— Records shown —
################

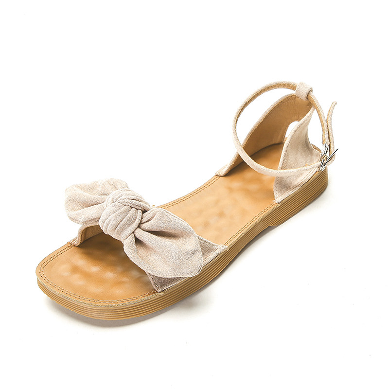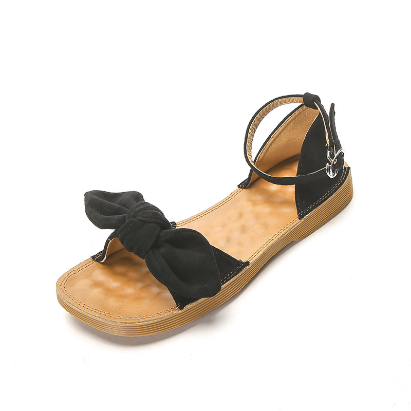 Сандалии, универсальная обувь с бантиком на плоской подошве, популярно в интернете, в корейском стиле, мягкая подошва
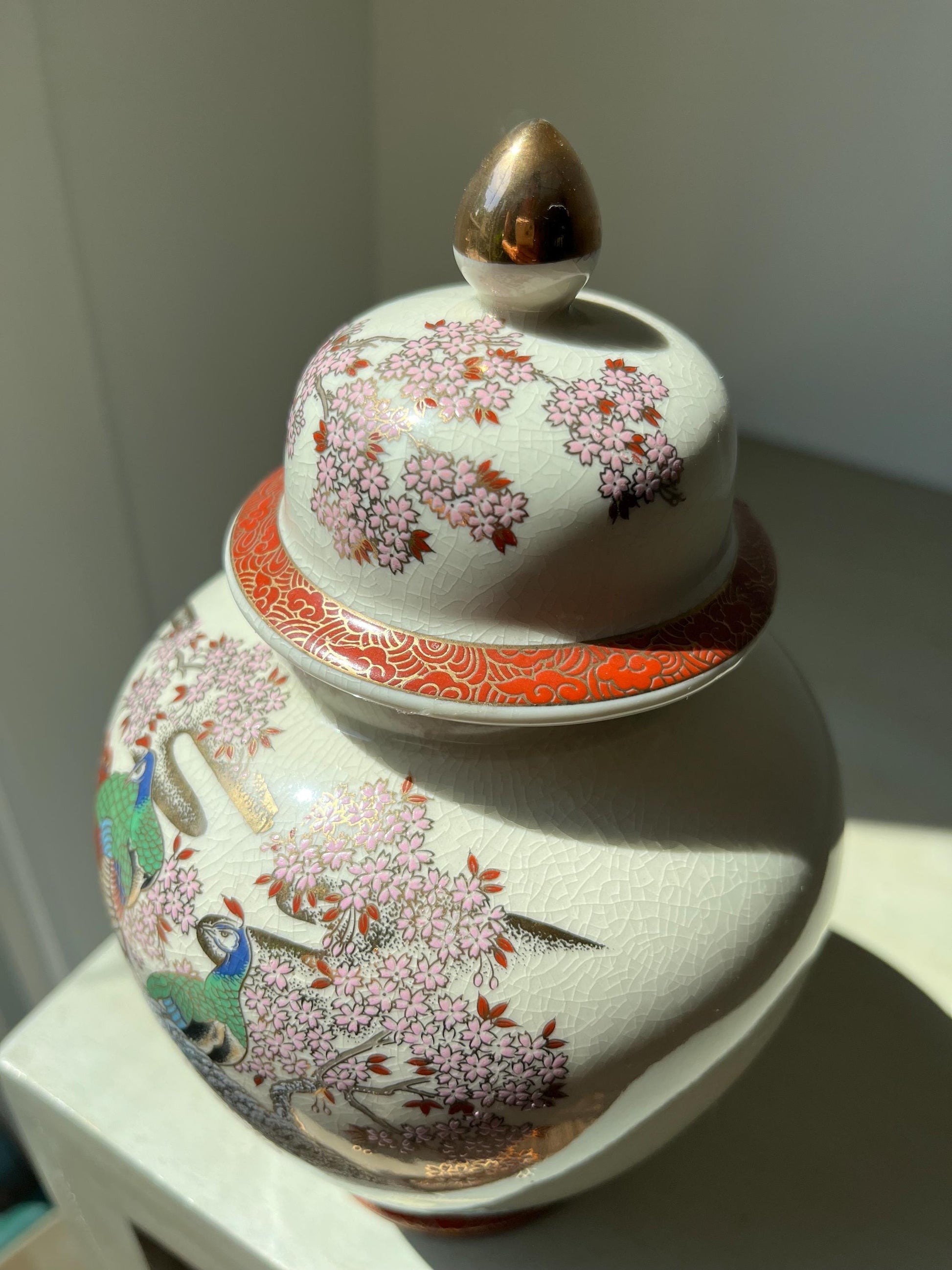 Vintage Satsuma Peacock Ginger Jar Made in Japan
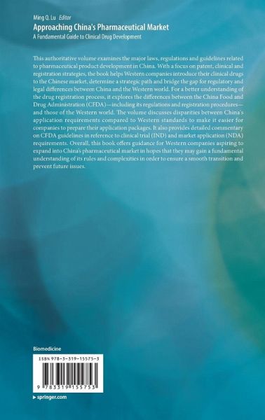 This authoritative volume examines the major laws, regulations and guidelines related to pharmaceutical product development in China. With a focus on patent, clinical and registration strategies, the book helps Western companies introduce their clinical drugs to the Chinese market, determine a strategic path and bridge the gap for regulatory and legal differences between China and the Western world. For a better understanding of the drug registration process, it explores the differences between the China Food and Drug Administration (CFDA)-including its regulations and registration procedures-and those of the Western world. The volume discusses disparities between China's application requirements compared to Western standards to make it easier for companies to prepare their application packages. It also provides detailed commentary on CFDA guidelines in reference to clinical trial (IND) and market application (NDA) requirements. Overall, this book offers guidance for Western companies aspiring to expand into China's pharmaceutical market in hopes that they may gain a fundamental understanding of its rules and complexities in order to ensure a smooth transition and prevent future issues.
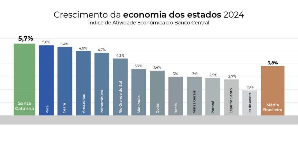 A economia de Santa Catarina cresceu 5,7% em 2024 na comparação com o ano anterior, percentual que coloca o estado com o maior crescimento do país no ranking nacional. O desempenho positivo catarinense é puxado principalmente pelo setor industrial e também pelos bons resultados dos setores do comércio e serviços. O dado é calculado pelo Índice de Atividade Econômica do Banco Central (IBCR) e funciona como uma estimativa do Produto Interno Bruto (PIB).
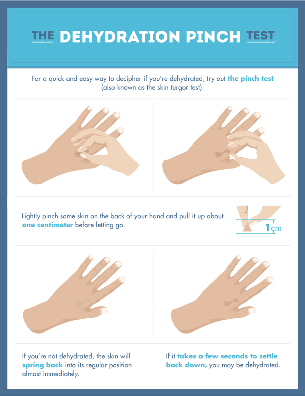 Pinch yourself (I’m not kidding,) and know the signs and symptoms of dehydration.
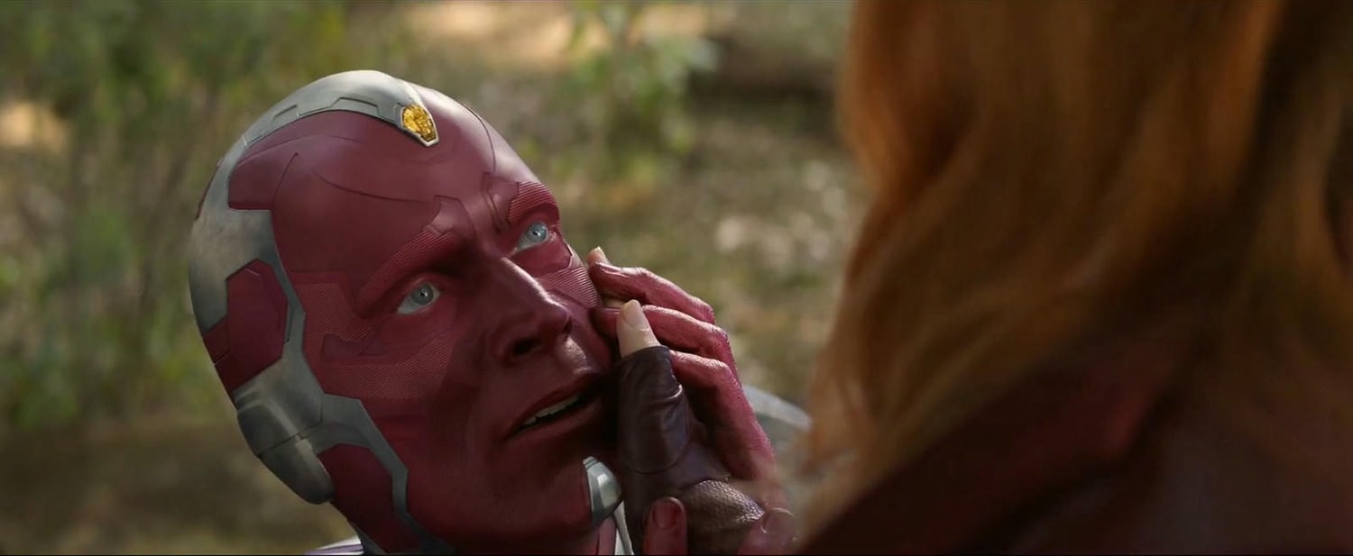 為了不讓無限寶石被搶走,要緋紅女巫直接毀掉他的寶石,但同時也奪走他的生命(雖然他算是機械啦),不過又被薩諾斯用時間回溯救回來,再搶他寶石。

################

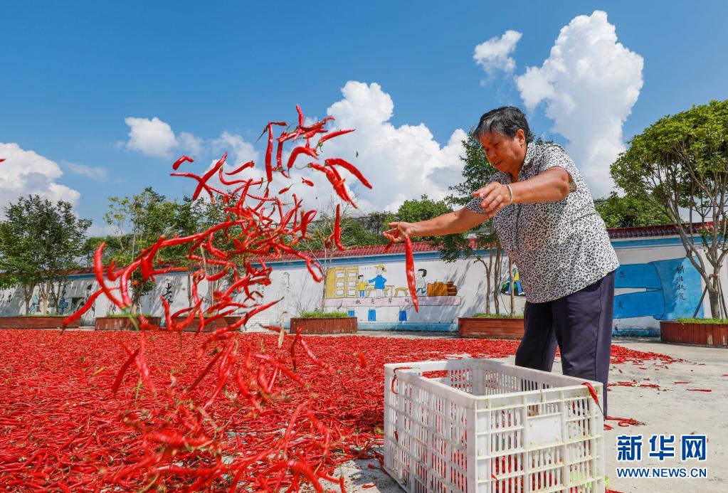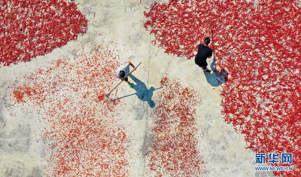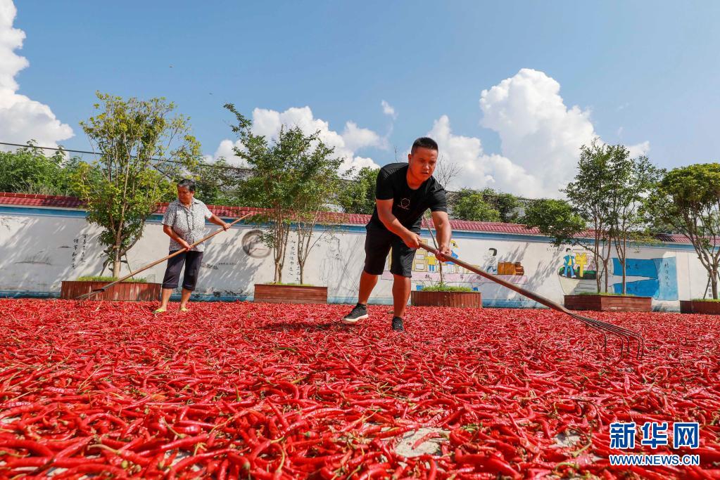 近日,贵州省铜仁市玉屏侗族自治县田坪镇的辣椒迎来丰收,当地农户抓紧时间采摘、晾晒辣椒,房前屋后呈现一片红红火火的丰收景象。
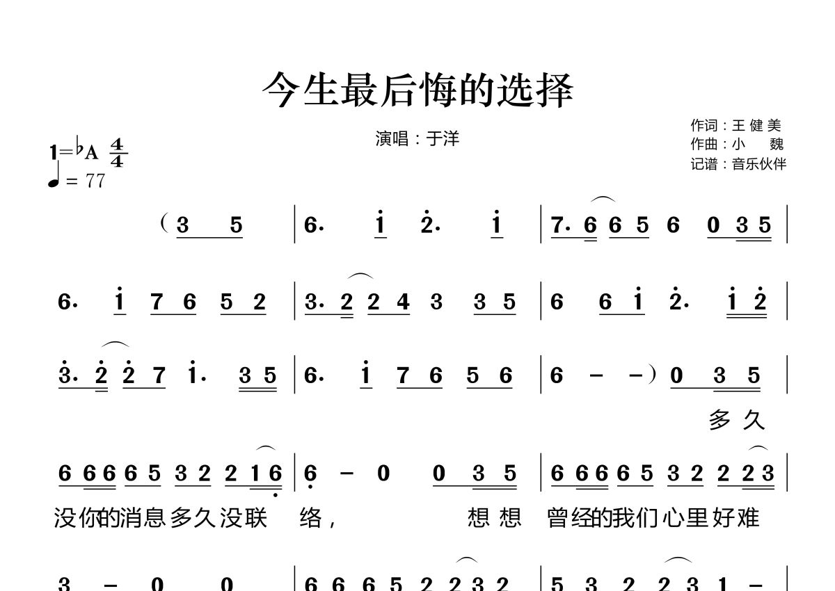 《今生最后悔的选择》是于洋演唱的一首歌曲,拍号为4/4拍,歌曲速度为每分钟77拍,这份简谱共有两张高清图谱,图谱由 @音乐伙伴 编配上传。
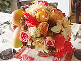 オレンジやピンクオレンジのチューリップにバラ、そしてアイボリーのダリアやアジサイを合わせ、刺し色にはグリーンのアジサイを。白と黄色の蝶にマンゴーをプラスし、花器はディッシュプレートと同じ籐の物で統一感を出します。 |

################

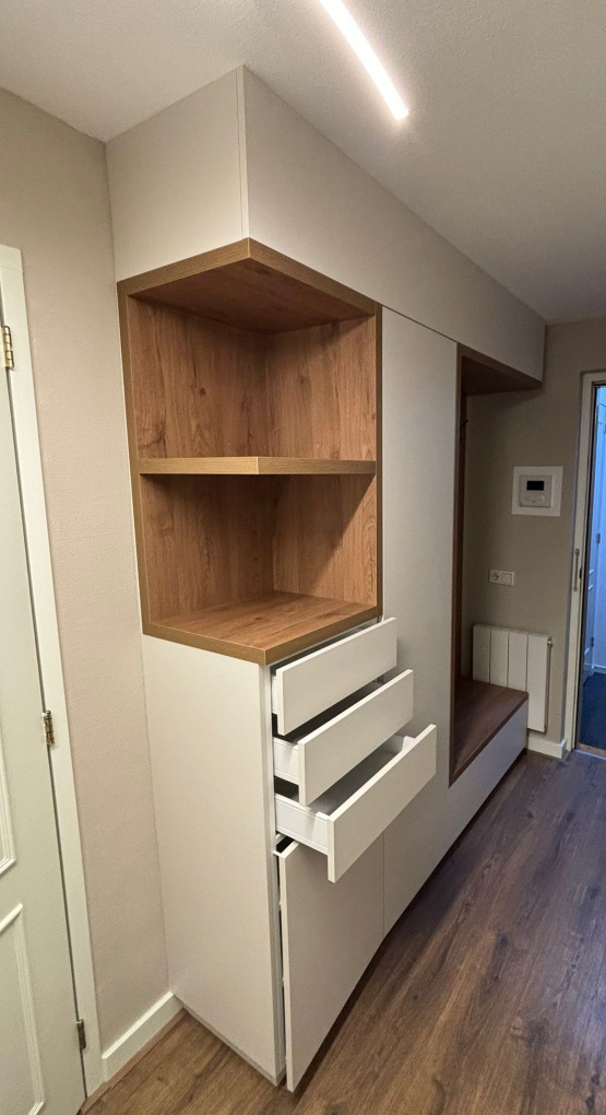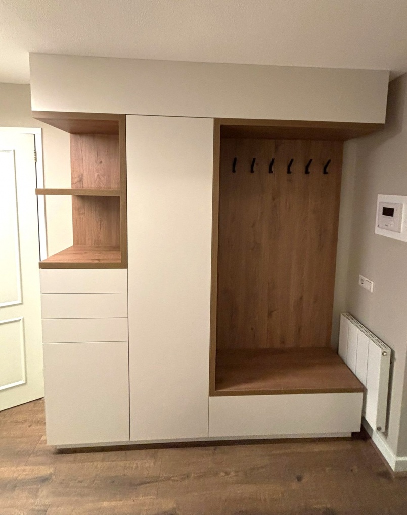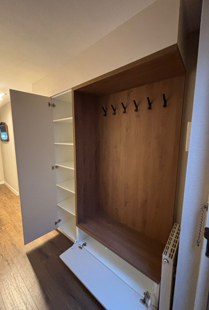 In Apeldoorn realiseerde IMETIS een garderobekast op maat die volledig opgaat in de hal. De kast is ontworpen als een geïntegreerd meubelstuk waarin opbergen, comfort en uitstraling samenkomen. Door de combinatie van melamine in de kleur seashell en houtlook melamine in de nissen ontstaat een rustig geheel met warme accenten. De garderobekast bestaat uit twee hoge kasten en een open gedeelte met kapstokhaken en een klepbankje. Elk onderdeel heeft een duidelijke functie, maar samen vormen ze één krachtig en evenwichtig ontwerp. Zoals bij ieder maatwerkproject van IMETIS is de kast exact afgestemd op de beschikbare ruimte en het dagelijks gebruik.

################

— Aim of the task —
Between and including the line with "Vintage Satsuma Peacock" and the line with "This authoritative volume", repeat every line exactly as it appears above, with pictures left out.

— Expected answer —
 Vintage Satsuma Peacock Ginger Jar Made in Japan
 This authoritative volume examines the major laws, regulations and guidelines related to pharmaceutical product development in China. With a focus on patent, clinical and registration strategies, the book helps Western companies introduce their clinical drugs to the Chinese market, determine a strategic path and bridge the gap for regulatory and legal differences between China and the Western world. For a better understanding of the drug registration process, it explores the differences between the China Food and Drug Administration (CFDA)-including its regulations and registration procedures-and those of the Western world. The volume discusses disparities between China's application requirements compared to Western standards to make it easier for companies to prepare their application packages. It also provides detailed commentary on CFDA guidelines in reference to clinical trial (IND) and market application (NDA) requirements. Overall, this book offers guidance for Western companies aspiring to expand into China's pharmaceutical market in hopes that they may gain a fundamental understanding of its rules and complexities in order to ensure a smooth transition and prevent future issues.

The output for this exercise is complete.